Управляющий предупредительно пошел впереди. Они оказались в большой комнате, явно игравшей роль гостиной, она же и обеденный зал – старый массивный стол, за которым могло разместиться не менее дюжины человек… ага, стульев, столь же массивных и старых, как раз дюжина. Керосиновой лампы под потолком нет, но по всем стенам – большие кенкеты[25] (и электричество сюда пока что не добралось).
За столом сидели двое – частный пристав, румяный здоровяк лет тридцати, судя по темляку на сабле, пришедший в полицию из армии с офицерским чином (вот она, мечта Тимошина… а впрочем, провинция его не прельщает с точки зрения службы в частных приставах) и лысоватый человек лет пятидесяти в темном костюме, с чеховской бородкой, при пенсне на черном шнурке. Пристав что-то неторопливо писал, а доктор (даже с расстояния в три аршина чувствовался слабый запах аптечных снадобий) наблюдал за ним скучающе, явно считая задачу выполненной. Третий, околоточный надзиратель, стоя лицом к окну, заложив руки за спину, смотрел на двор так, словно там происходило что-то крайне интересное. Похоже, ему тоже нечего было больше здесь делать, и он откровенно скучал.
Пристав удивленно поднял глаза на вошедших – и Митрофан Лукич, явно не намеренный допускать ни малейшего промедления, шагнул вперед, сказал со спокойной властностью человека, знающего цену и себе и окружающим:
– Виктор Олегович, дело у меня к вам – ну просто неотложное. Не выйти ли нам на минутку в соседнюю комнату? Просто безотлагательное дело…

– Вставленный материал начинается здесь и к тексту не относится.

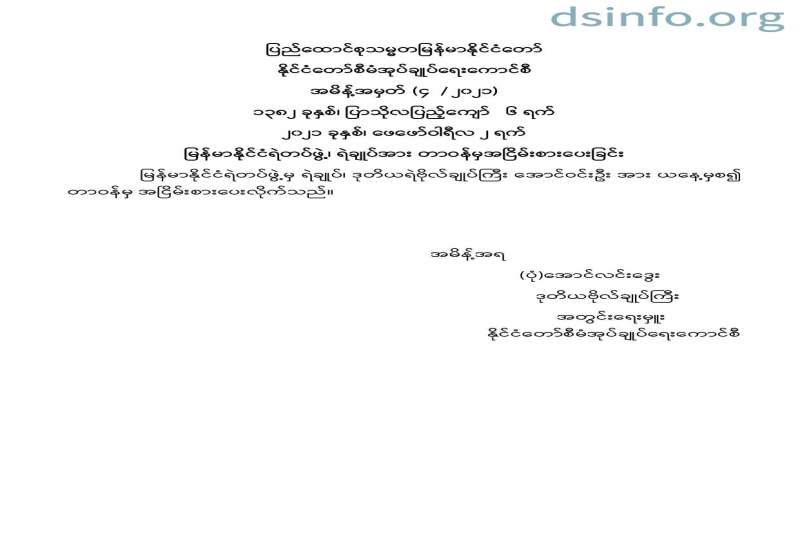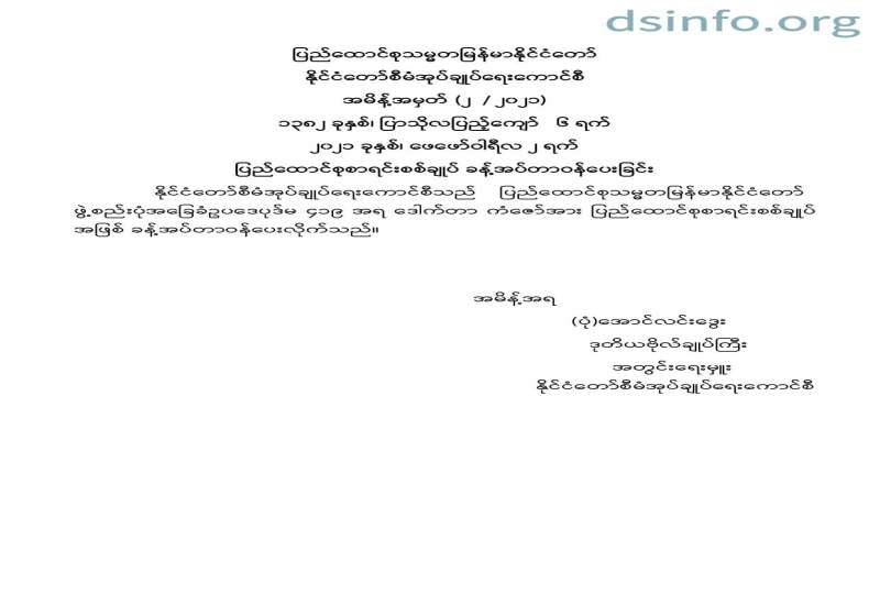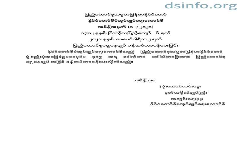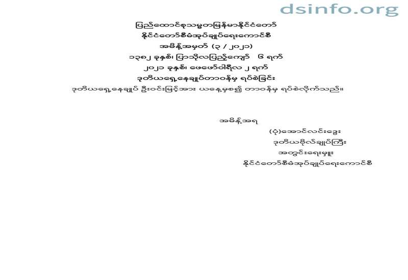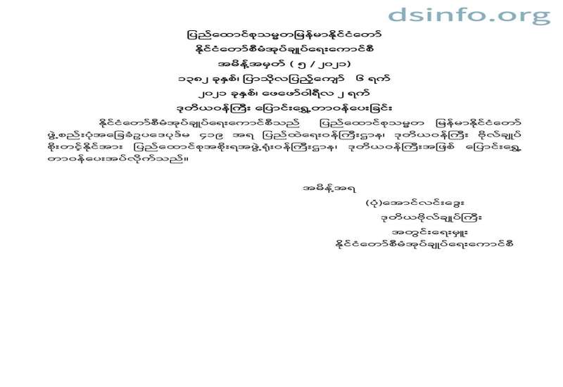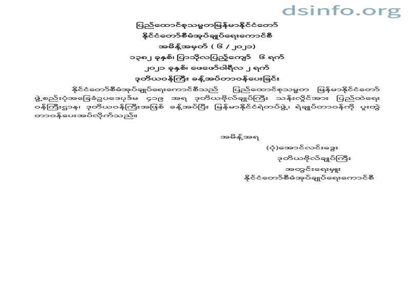 ပြည်ထောင်စုသမ္မတမြန်မာနိုင်ငံတော် နိုင်ငံတော်စီမံအုပ်ချုပ်ရေးကောင်စီ အမိန့်အမှတ်(၂/၂၀၂၁) ၁၃၈၂ ခုနှစ်၊ ပြာသိုလပြည့်ကျော် ၆ ရက် ၂၀၂၁ ခုနှစ်၊ ဖေဖော်ဝါရီလ ၂ ရက် ပြည်ထောင်စုစာရင်းစစ်ချုပ် ခန့်အပ်တာဝန်ပေးခြင်း

– Ну что ж, извольте… – Пристав встал, такое впечатление, послушно. – Коли безотлагательное…
Подал голос доктор:
– Я так полагаю, господин пристав, я вам более не нужен? По-моему, в дальнейшем моем пребывании здесь нет нужды…
Ахиллес вежливо сказал:
– Я бы убедительно попросил вас, доктор, все же задержаться на некоторое время. Сдается мне, есть еще нужда в вашем пребывании…
Доктор воинственно выставил бороденку:
– А по какому праву вы, милостивый государь, здесь распоряжаетесь? Насколько я разбираюсь в ваших… нарядах, вы не принадлежите ни к полиции, ни к жандармерии…
Ахиллес тоскливо вздохнул про себя. С первого взгляда угадал тот крайне несимпатичный ему тип русского интеллигента, который хамство в адрес людей в мундирах отчего-то полагает признаком свободомыслия и либерализма. Ну да, тон у него такой, что ошибиться невозможно. Несмотря на молодость, он уже сталкивался с этой породой людей, все свободомыслие которых сводится к пустопорожней болтовне за водочкой в компании себе подобных и критике абсолютно всего, что бы правительство ни предпринимало…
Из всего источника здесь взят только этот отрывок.